Exercise objective »
An image-free reproduction of the data below is needed: print it exactly.

Information supplied »
________

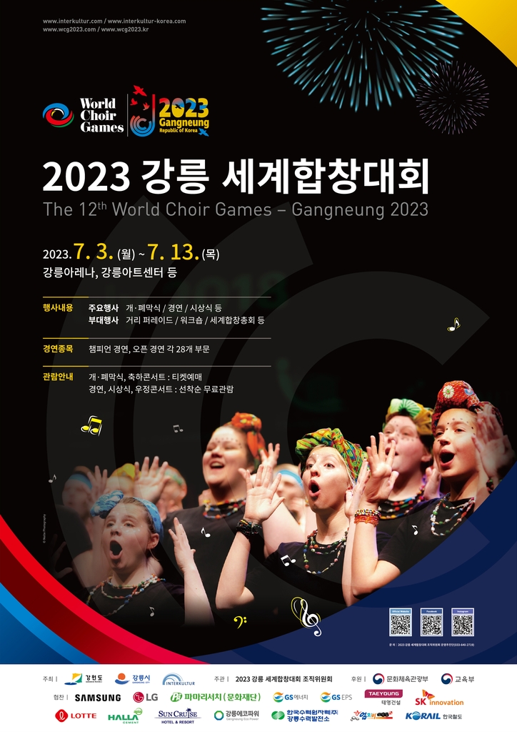 2023 강릉 세계합창대회는 7월 3일부터 13일까지 강릉아레나, 강릉아트센터 등에서 펼쳐지며 합창단 경연, 거리 퍼레이드, 우정 콘서트, 축하 콘서트 등 다양한 볼거리를 제공한다.
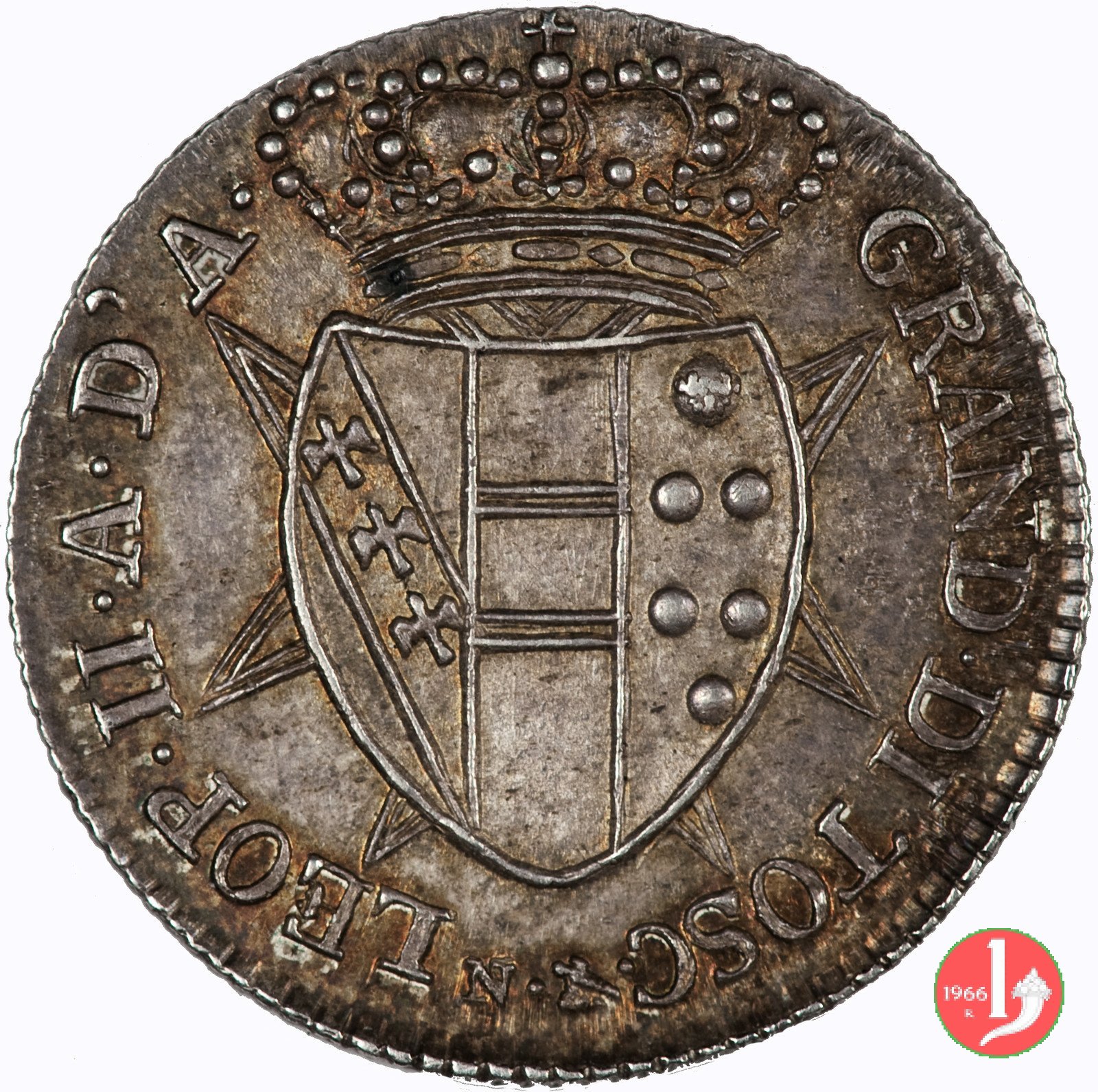Dritto: (da sinistra) LEOP • II. A • D'A • GRAND • DI TOSC stemma sannitico partito e coronato;
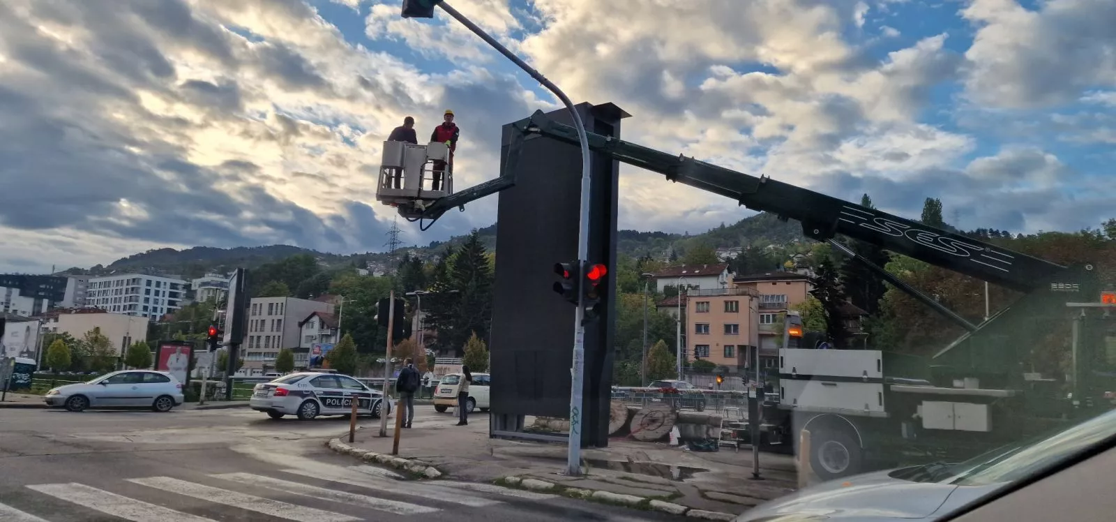 Naime, kako smo već ranije pisali jutros je na licu mjesta zatečeno izvođenje radova na postavljanju reklamne konstrukcije dimenzija 2,60x7,0 metara ankerisane anker pločama i sa 2x8 anker vijaka u temelje. Investitor radova je firma KARPAS AMBALAŽA d.o.o. Banjaluka. Na licu mjesta nisu posjedovali pravosnažno odobrenje izdato od strane Općine Centar, nego su izjavili da posjeduju odobrenje od Gradske uprave Sarajevo kao i priključak za elektroinstalacije.

________

Task response »
 2023 강릉 세계합창대회는 7월 3일부터 13일까지 강릉아레나, 강릉아트센터 등에서 펼쳐지며 합창단 경연, 거리 퍼레이드, 우정 콘서트, 축하 콘서트 등 다양한 볼거리를 제공한다.
Dritto: (da sinistra) LEOP • II. A • D'A • GRAND • DI TOSC stemma sannitico partito e coronato;
 Naime, kako smo već ranije pisali jutros je na licu mjesta zatečeno izvođenje radova na postavljanju reklamne konstrukcije dimenzija 2,60x7,0 metara ankerisane anker pločama i sa 2x8 anker vijaka u temelje. Investitor radova je firma KARPAS AMBALAŽA d.o.o. Banjaluka. Na licu mjesta nisu posjedovali pravosnažno odobrenje izdato od strane Općine Centar, nego su izjavili da posjeduju odobrenje od Gradske uprave Sarajevo kao i priključak za elektroinstalacije.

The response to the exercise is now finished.